I’m currently at the 41st Union World Conference in Berlin, Germany and this morning enjoyed an interactive session debating whether walk-in testing should be available for TB and whether self-testing for HIV should be rolled out in all settings.
Several academics and public health specialists were invited by the meeting chairs, Anthony Harries and Reuben Granich to debate this issue before members of the audience weighed in with their own views: it was a fascinating and successful format.
Helen Ayles (London School of Hygiene and Tropical Medicine and the ZAMBART Project, University of Zambia, Lusaka, Zambia, Africa) gave an overview of a trial she is currently running in Zambia named ZAMSTAR (protocol here and registration here).
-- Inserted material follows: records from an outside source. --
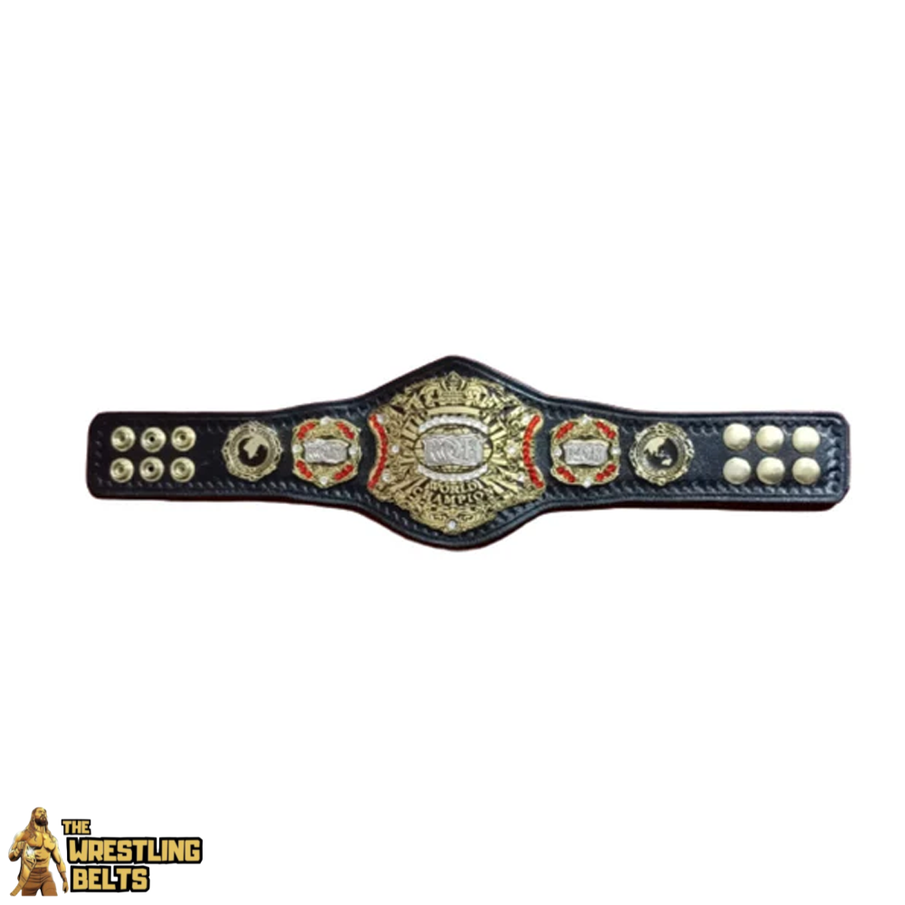 Celebrate the prestige of Ring of Honor wrestling history with the Ring of Honor ROH Wrestling Championship Mini Replica Title Belt. Crafted with remarkable attention to detail, this miniature version mirrors the exact design of the full-sized ROH World Championship belt, making it the perfect collectible for die-hard fans. Made from high-quality materials, this mini belt features gold-plated plates, accurate side plate engravings, and a durable simulated leather strap. Whether displayed in your collection, kept in your wrestling-themed workspace, or given as a gift to a fellow fan, this belt is a true tribute to ROH’s legacy of champions.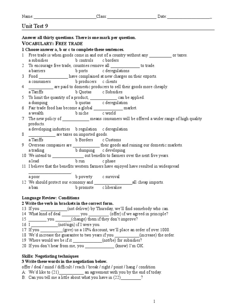 1 Free trade is when goods come in and out of a country without any __________ or taxes.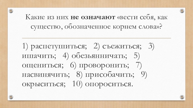 1) распетушиться; 2) съежиться; 3) ишачить; 4) обезьянничать; 5) ощениться; 6) проворонить; 7) насвинячить; 8) присобачить; 9) окрыситься; 10) опороситься.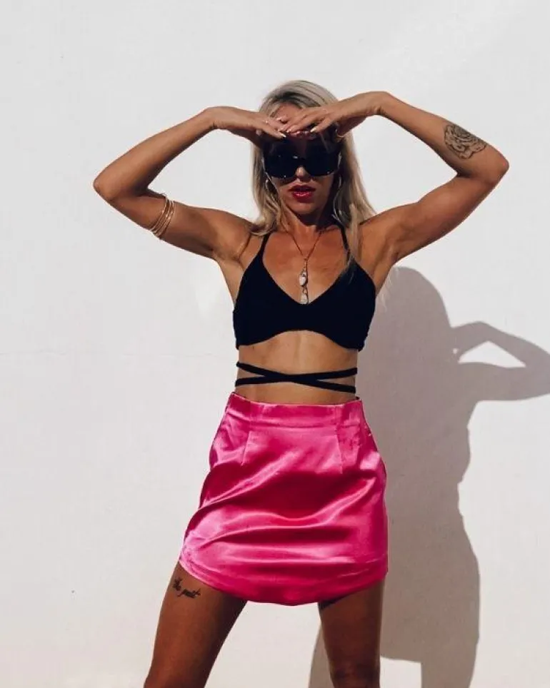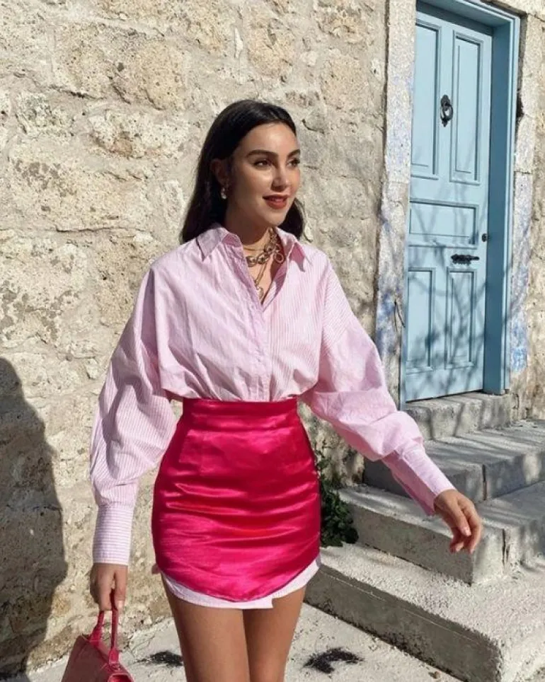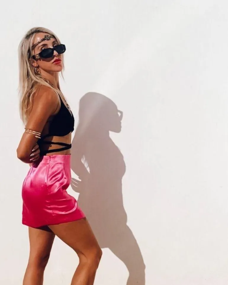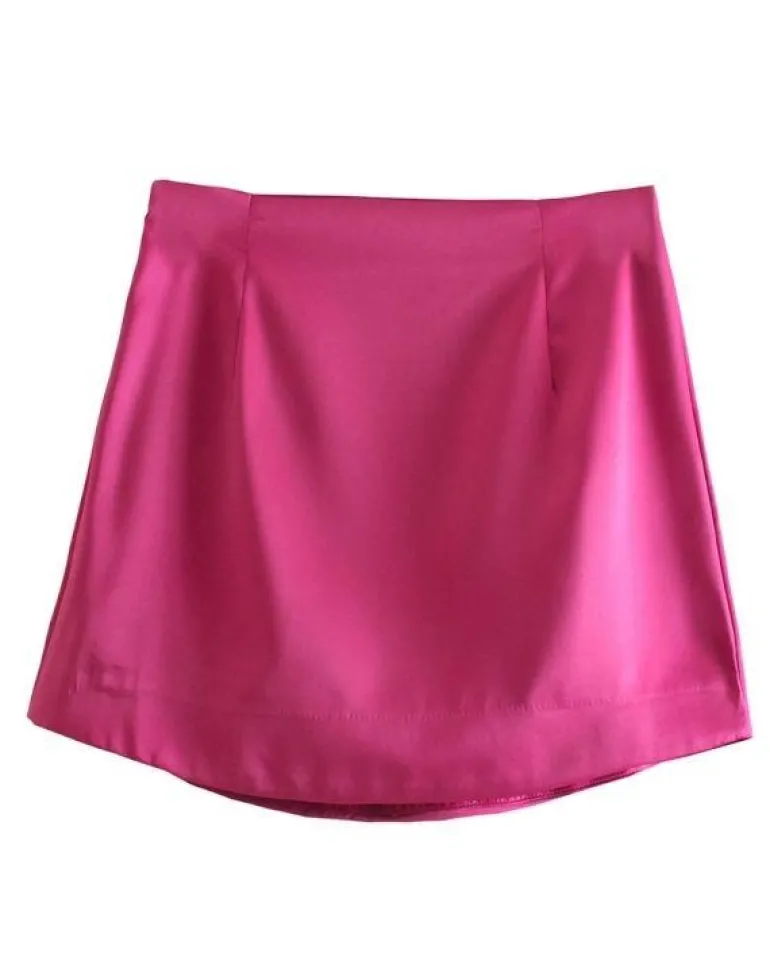 Produktdetails: Kurzer eleganter Damen Rock in knalligem Pink Rosa und Seiden Look Effekt. High-Waist Mini Rock mit einem Reissverschluss auf der Seite. Mode Chicer Rock mit hoher Taille und mit Satin Seide Glanz in Pink.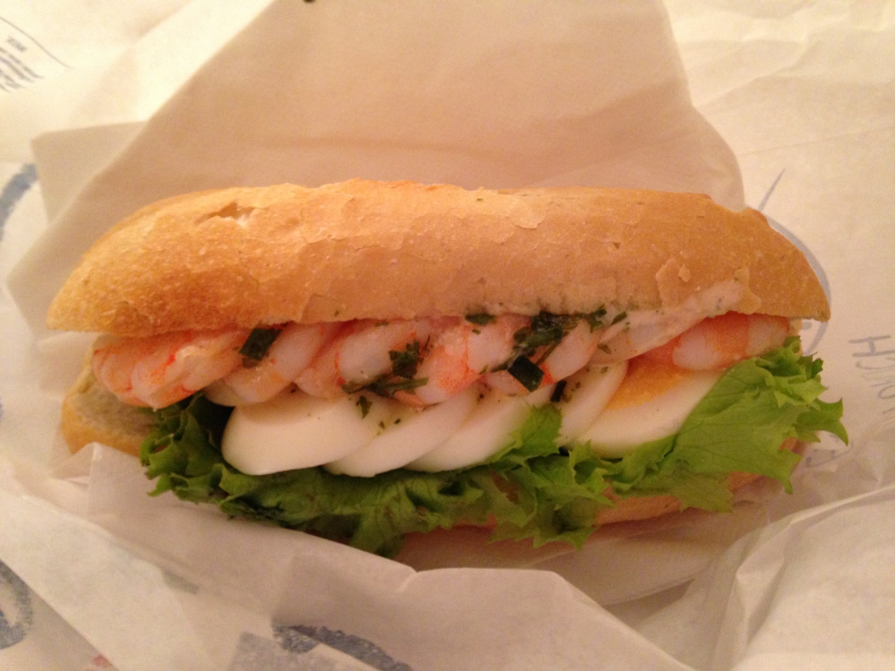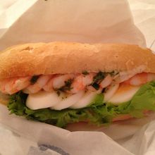 夕食用に写真のエビサンドを持ち帰り、これで3.99ユーロでした物価の高さを感じました。これと同じ種類でサーモン、珍しいところでニシンのようなものもありました。サンドイッチまたはラップで同じ種類があります。味は可も不可もなくでした。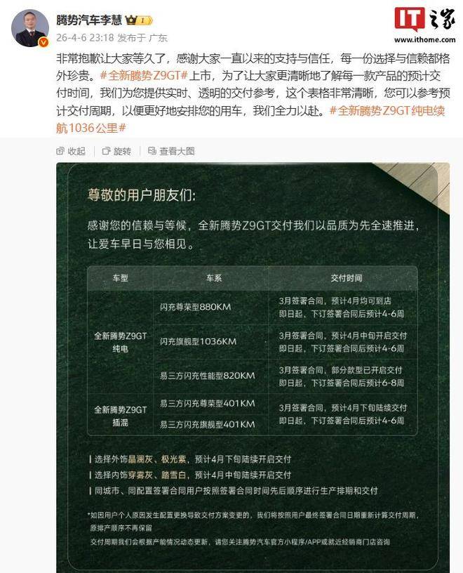 比亚迪腾势汽车总经理李慧近日向外界披露了全新腾势Z9GT的详细交付计划,为消费者提供了清晰的交付时间参考。这一举措旨在提升购车体验,确保消费者能够实时了解车辆交付进度。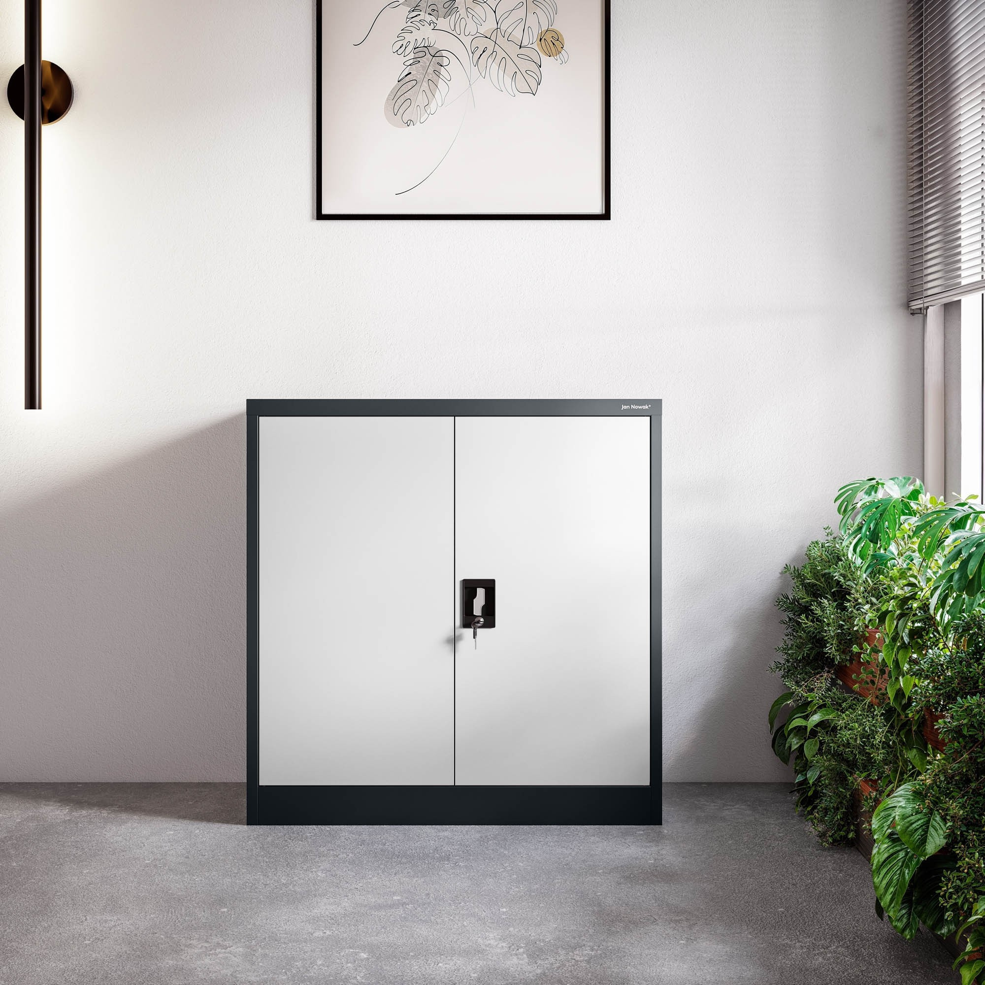 Povrch skříňky je ošetřen práškovým lakem, který nejenže skvěle vypadá, ale také chrání ocel před korozí a mechanickým poškozením. Práškový lak je odolný proti poškrábání a snadno se udržuje v čistotě. Kombinace antracitové a bílé barvy dodává skříňce moderní a elegantní vzhled, který se hodí do každého interiéru.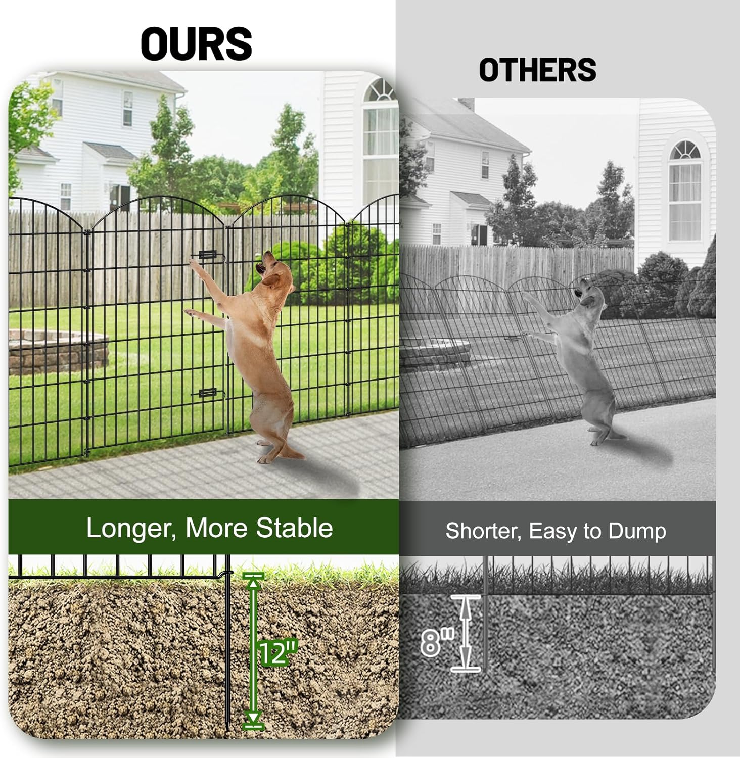 - STURDY AND STABLE: This garden gate and fences 48” tall is welded by Gauge 9 thickness iron wires, the stakes are 10mm in diameter, and can be extended pretty far into the ground which is fairly steady, it works well as a fence with gate for big or medium size dogs.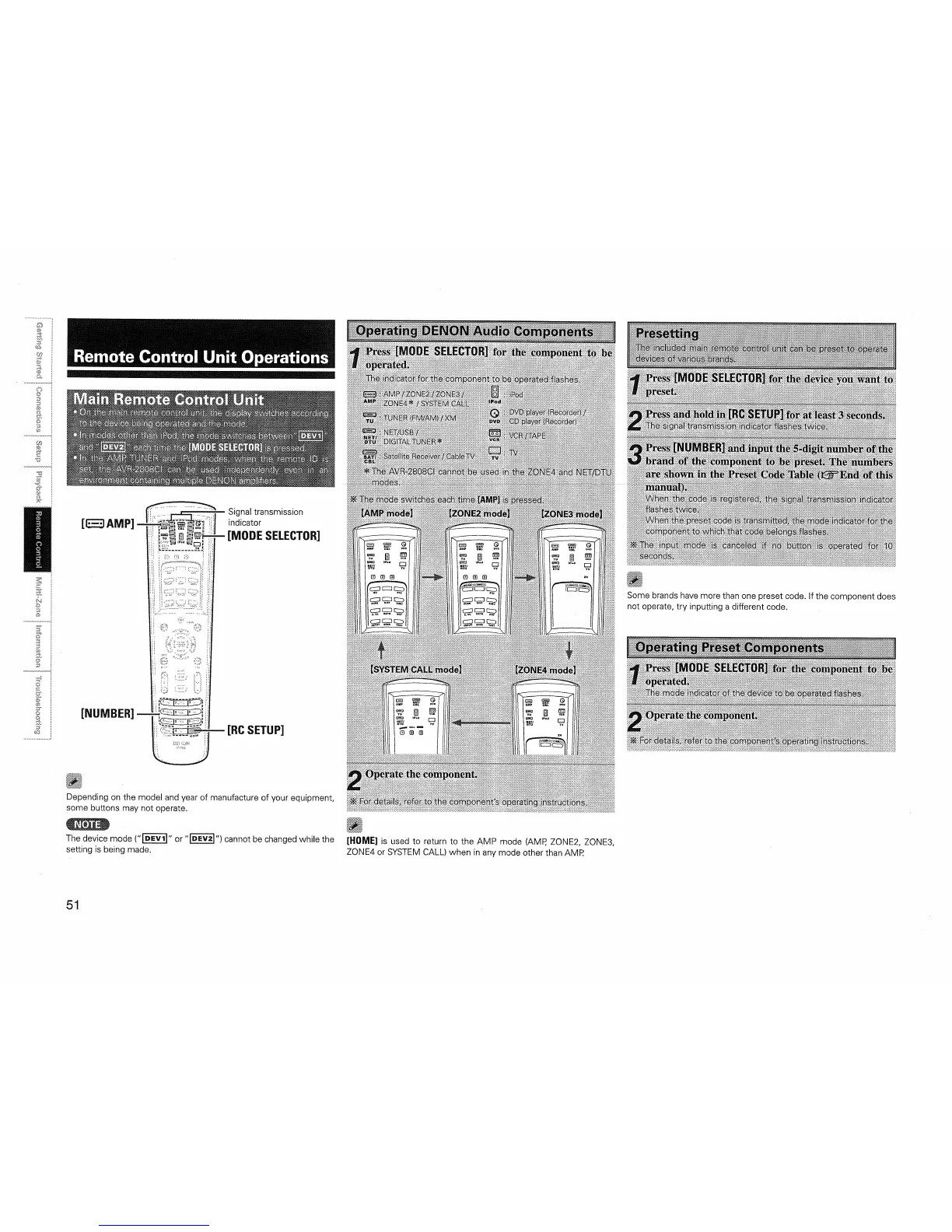 Denon RC-1068 - Remote Control Unit Operations; Operating DENON Audio Components; Presetting the Remote Control; Operating Preset Components

She drew attention to a need to integrate TB and HIV care and how we may need complex community-ld interventions to reach those in most need.
The main issues are that of those people with a persistent cough or coughing up blood (suspected TB) only 50% seek a diagnosis at a healthcare facility, and of those that do so, only 20% are correctly diagnosed, at least in the trial setting in Zambia. Walk-in tuberculosis testing was popular and uptake was high: and most participants in the audience agreed with Dr Ayles that there are few good reasons not to recommend TB testing, although it should be linked to appropriate follow-up health care advice.
The problems surrounding walk-in HIV tests are more complex . Elizabeth Corbett (also from the London School of Hygiene and Tropical Medicine) advocated for walk-in testing for HIV, commenting that over the counter HIV-testing kits will soon be available in the USA and that the widespread availability of self-testing kits should be rolled out around the world. This would improve testing rates because many people either cannot or will not travel to a health facility to take a test. She also cautioned that the availability of over the counter tests could also mean that people might buy tests over the internet, with the concomitant potential problem of trading of counterfeit tests.
The issues are not as straightforward as making tests available for TB, a curable disease: those raised by the audience included stigma of a positive HIV test, lack of counselling at the test site (in the home) and subsequent potential for depression or even suicide upon a positive result, lack of reinforcement of public health messaging if a result was negative and the potential for coercion to take tests.
The audience broadly agreed upon widening availability of self-tests for HIV, but wanted evidence of how it would work including what happened AFTER the test was used, although there was some agreement that if everyone tested, the stigma might eventually be reduced. Certainly, qualitative research might have a powerful input into assessing the potential for widespread self-testing, as would trials of such an implementation.
Rony Zachariah from MSF summed it up really well, saying that ‘there needs to be a paradigm change, to empower people not patients’.